When doing a logistic regression, error messages are fairly common. In this case the “error in glm.fit(x = c(1, 1, 1, 1, 1, 1, 1, 1, 1, 1, 1, 1, 1, 1, 1, 1, : na/nan/inf in ‘y’” occurs when using the glm function on a data frame that include a column that is a factor. The good news is it is easy to understand and fix.

### Description of the error

This error message occurs when using the base r glm function which has the basic format of glm(formula, data) but includes additional optional arguments. In this function “formula” is a reference to the data frame columns being evaluated and “data” is the data frame that is being evaluated.

> x = factor(c(1,0,0,1,0,1,1))

> y = y = c(“ape”, “bat”, “cat”,”dog”, “cow”, “horse”, “whale”)

> df = data.frame(x,y)

> df

x y

1 1 ape

2 0 bat

3 0 cat

4 1 dog

5 0 cow

6 1 horse

7 1 whale

> glm(x~y,data=df)

Error in glm.fit(x = c(1, 1, 1, 1, 1, 1, 1, 0, 1, 0, 0, 0, 0, 0, 0, 0, :

NA/NaN/Inf in ‘y’

This example code shows an arrangement that causes our error message. Note the presence of the factor function in the x vector.

### Explanation of the error

Here is a code example that eliminates the error message by eliminating the factor function.

> x = c(1,0,0,1,0,1,1)

> y = y = c(“ape”, “bat”, “cat”,”dog”, “cow”, “horse”, “whale”)

> df = data.frame(x,y)

> df

x y

1 1 ape

2 0 bat

3 0 cat

4 1 dog

5 0 cow

6 1 horse

7 1 whale

> glm(x~y,data=df)

Coefficients:

(Intercept) ybat ycat ycow ydog yhorse ywhale

1.000e+00 -1.000e+00 -1.000e+00 -1.000e+00 8.077e-16 4.852e-16 4.852e-16

Degrees of Freedom: 6 Total (i.e. Null); 0 Residual

Null Deviance: 1.714

Residual Deviance: 1.43e-30 AIC: -458.8

As you can see this example only has straight vectors, this is the key to understanding why this error occurs. If the data frame contains one or more factors you will get this error message because it cannot handle factors. Eliminating the factors prevents the error.

### How to fix the error

In this example, we fix the error message while keeping the factor function. This is done by adding one of the optional arguments in the glm function.

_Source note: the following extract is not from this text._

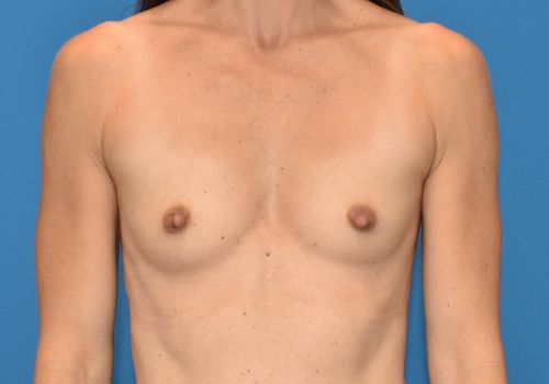 36 yr old female, 5’7 and 120 lbs, is desiring breast augmentation. She underwent an augmentation using Mentor 275 cc moderate plus silicone implants. Results shown are6 months after surgery.

> x = factor(c(1,0,0,1,0,1,1))

> y = y = c(“ape”, “bat”, “cat”,”dog”, “cow”, “horse”, “whale”)

> df = data.frame(x,y)

> df

x y

1 1 ape

2 0 bat

3 0 cat

4 1 dog

5 0 cow

6 1 horse

7 1 whale

> glm(formula = x ~ y, family = binomial, data = df)

Coefficients:

(Intercept) ybat ycat ycow ydog yhorse ywhale

2.457e+01 -4.913e+01 -4.913e+01 -4.913e+01 1.102e-06 1.104e-06 1.104e-06

Degrees of Freedom: 6 Total (i.e. Null); 0 Residual

Null Deviance: 9.561

Residual Deviance: 3.001e-10 AIC: 14

As you can see, the addition of the “family = binomial” argument to the glm function fixes the error and thereby prevents the message. So, there are actually two ways of fixing this problem. However, this is the way to fix it that allows you to keep the factor function in your data frame.

While this is an easy error to get, it is also an easy one to fix. It results from simply having one or more factors as columns in your data frame. If you encounter this error message, fixing it is simply a matter of adding an additional argument to the glm function to allow for the use of a binomial vector. Knowing this will help you to avoid the problem and fix it should it occur.